In the micro-computer world the non-Microsoft systems were swept aside and systems like OS/2 and BeOS were to become practically extinct. Commodore itself became bankrupt in 1994 and so AmigaDos was also marginalized. Microsoft strode the world as an unassailable behemoth and it seemed a Dark Ages of Programming had begun, at least in the micro-computer world. Programming for Microsoft Windows was not fun and the very concept of programming for the fun of it seemed to vanish.
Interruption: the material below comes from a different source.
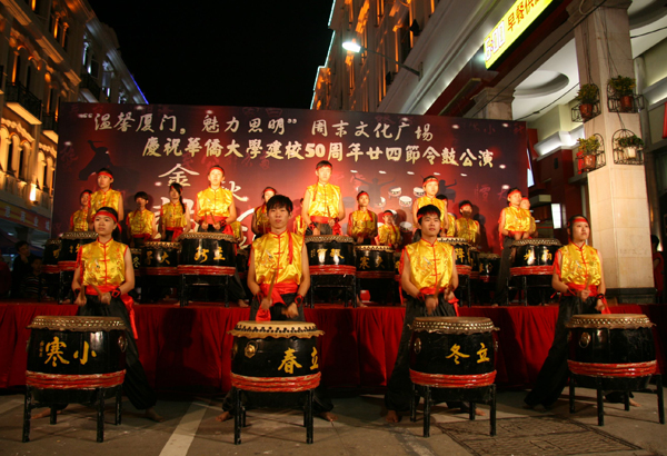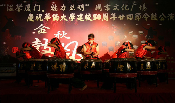 为进一步融入并丰富厦门文化生活,提升华侨大学在厦门市民心中的知名度和美誉度,学生处以庆祝建校五十周年为契机,积极整合当地社会资源,10 月 29 日晚在厦门中心商业区中山路步行街隆重举办“金秋鼓风——庆祝华侨大学建校 50 周年廿四节令鼓公演”。本次活动得到了厦门市思明区文体局、思明区中华街道、厦门市思明区文化馆的大力支持,并被纳入“温馨厦门·魅力思明周末文化广场系列活动之一”。华侨大学学生处处长陈国柱、厦门市思明区文化馆馆长王磊及厦门市思明区文化局、中华街道的嘉宾出席了当晚的活动。

Of course there was no going back to the C64 or even the Amiga to write programs. Although there are no doubt a few hard-core programmers still writing code for older systems technology has moved forward. Personal Computer hardware became more modular and new advantages in technology made any given system obsolete in a very short time period. What was needed to end the Dark Ages of Programming was a new system which could update itself along with the hardware but still be accessible to the hobbyist programmer.

Although I didn't realize it at the time Linux version 1.0 was released in 1994. Sadly I didn't free myself from Microsoft's grip until 2003 when I started to use Redhat version 8. Still even as a late comer to Linux I was able to adapt myself to the new system faster than some due to my earlier experience with Unix System V. Once I started using Linux something amazing started to happen: I was having fun using computers again and I started programming for the fun of it again, something I stopped doing after my Amiga 500 stopped working.

Still there was the problem of the dreaded "Microsoft-Only Peripherals". You can read about my epic battle with the HP 4470C scanner here: HP. Fortunately there was a happy ending. Gradually programmers all over the world started to compare notes and many of the peripherals with secret communication protocols became deciphered. Linux fans world-wide warned each other to stay away from certain devices and suggested alternatives which were better supported. Programming was fun again, or at least more fun than it was before.

This then is the reason why I use Linux. It's fun to program with it. Not as easy as programming the C64 but still fun. You can rebuild it you have the technology. There are user groups for Linux just like there used to be user groups for C64 and Amigas. You could build your own computer and with some care choose cards which are Linux compatible. You can go into any book-store and see lots of Linux books and magazines on the shelves. You have the freedom to look at the source code and make improvements which is a freedom I wouldn't have appreciated before but now I consider it extremely important.